THE RECORDS:
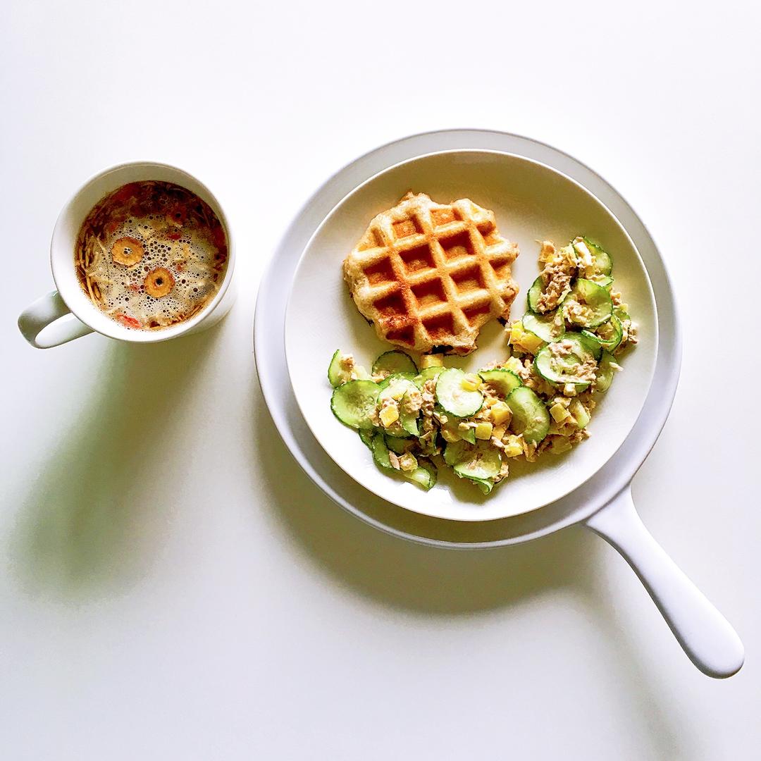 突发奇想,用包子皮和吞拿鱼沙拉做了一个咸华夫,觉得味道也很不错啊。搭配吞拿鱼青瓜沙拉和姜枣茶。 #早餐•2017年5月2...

==

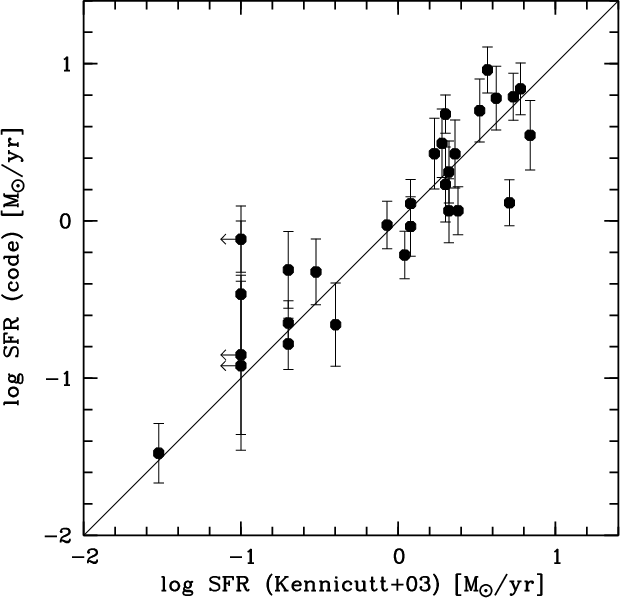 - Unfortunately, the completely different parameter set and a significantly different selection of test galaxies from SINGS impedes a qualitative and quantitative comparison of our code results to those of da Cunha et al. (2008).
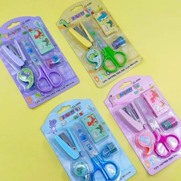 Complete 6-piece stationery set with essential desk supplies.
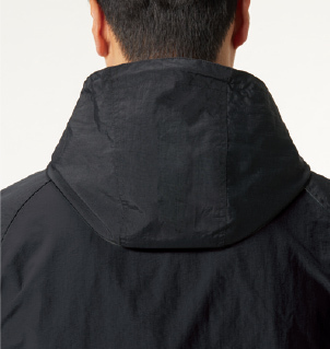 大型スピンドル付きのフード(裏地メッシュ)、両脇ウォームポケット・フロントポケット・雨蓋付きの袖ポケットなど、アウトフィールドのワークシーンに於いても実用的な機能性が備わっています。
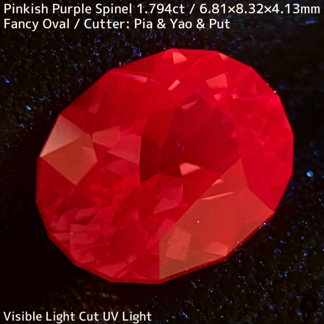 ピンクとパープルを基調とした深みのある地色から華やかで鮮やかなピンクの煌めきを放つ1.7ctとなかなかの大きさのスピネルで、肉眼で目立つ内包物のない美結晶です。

PROBLEM STATEMENT: What are the lines in the records above, word for word, from the one containing "- Unfortunately, the" through the one containing "ピンクとパープルを基調とした", both ends included and pictures left out?

RESPONSE BELOW:
 - Unfortunately, the completely different parameter set and a significantly different selection of test galaxies from SINGS impedes a qualitative and quantitative comparison of our code results to those of da Cunha et al. (2008).
 Complete 6-piece stationery set with essential desk supplies.
 大型スピンドル付きのフード(裏地メッシュ)、両脇ウォームポケット・フロントポケット・雨蓋付きの袖ポケットなど、アウトフィールドのワークシーンに於いても実用的な機能性が備わっています。
 ピンクとパープルを基調とした深みのある地色から華やかで鮮やかなピンクの煌めきを放つ1.7ctとなかなかの大きさのスピネルで、肉眼で目立つ内包物のない美結晶です。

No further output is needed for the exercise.